I think there are certainly elements to the Austrian scheme which work, mind you, but at the least it needs substantial adjustments to explain the last 10 years.

The Swartzberg Test:
The validity of a science is its ability to predict.

So far, Austrians fail that test. Not as badly as Keynesians, but still they fail.

 
At 8/28/2008 11:40 AM, Blogger OBloodyHell said...

> You better start listening to the smart people that are still in this world:

Yes, Buffet hasn't become an advisor for Obama for some reason that makes no sense at all -- Obama's policies are utterly socialist, and thus utterly at odds with the very thing that made Buffet wealthy in the first place.
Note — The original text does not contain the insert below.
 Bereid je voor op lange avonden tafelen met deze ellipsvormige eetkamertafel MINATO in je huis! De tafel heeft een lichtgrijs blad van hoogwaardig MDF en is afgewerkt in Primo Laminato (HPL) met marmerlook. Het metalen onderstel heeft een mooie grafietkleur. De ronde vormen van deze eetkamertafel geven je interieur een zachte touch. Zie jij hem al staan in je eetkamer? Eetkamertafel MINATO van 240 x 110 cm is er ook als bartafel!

As Dr. Perry noted a few months ago, if Buffet wanted to pay more taxes than his secretary, then there are mechanisms in place for it. To demand that others do so using the backing of government force is dishonest and disreputable.

 
At 8/28/2008 2:34 PM, Anonymous Anonymous said...
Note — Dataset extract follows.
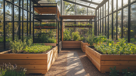 A serene greenhouse filled with lush greenery and vibrant flowers

Progressive tax brackets = socialism?

 
At 8/28/2008 3:45 PM, Blogger Matt S said...

They don't make republicans like they used to either. As the Daily Show said, "liberals have to prove they love america. Everyone knows republicans love america, they just hate half the people living in it."

 
At 8/28/2008 5:20 PM, Blogger juandos said...

"Everyone knows republicans love america, they just hate half the people living in it"...
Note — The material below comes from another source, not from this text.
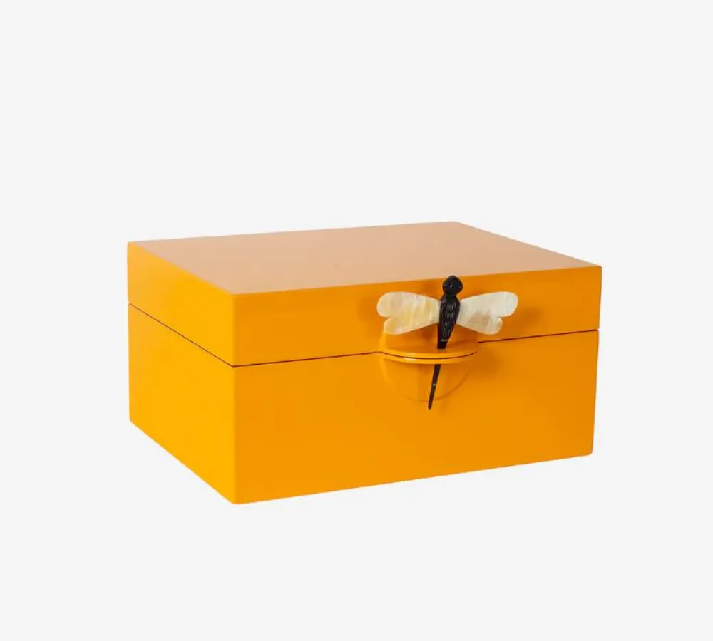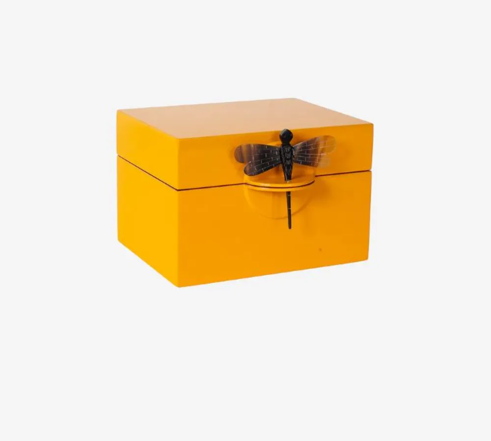 Combinando tradição, funcionalidade e um design visualmente marcante, esta elegante Caixa Decorativa Com Libélula é uma peça artesanal feita à mão no Vietname. O seu acabamento meticuloso com até 15 camadas de lacagem sobre madeira MDF, realça as suas cores únicas por dentro e por fora, enquanto a bandeja interior removível com compartimentos permite uma organização prática e cuidada.

Yeah, especially the seditious, parasitic liberal half...

Just look at the danny comment and you know that secondary education has been a complete failure for quite some time now...

 
At 8/29/2008 3:12 PM, Blogger OBloodyHell said...

> Progressive tax brackets = socialism?

On some levels. There is merit to the argument that you can and should tax more on the excess above living expenses than the living expenses themselves. Not saying it's right, but it's not blatantly, inarguably wrong, either.

The problem is that, sooner or later, that drifts into bread and circuses, as the plebes realize that they outnumber the ones paying the majority of taxes, so they can implement more taxes against them to pay for special programs for them.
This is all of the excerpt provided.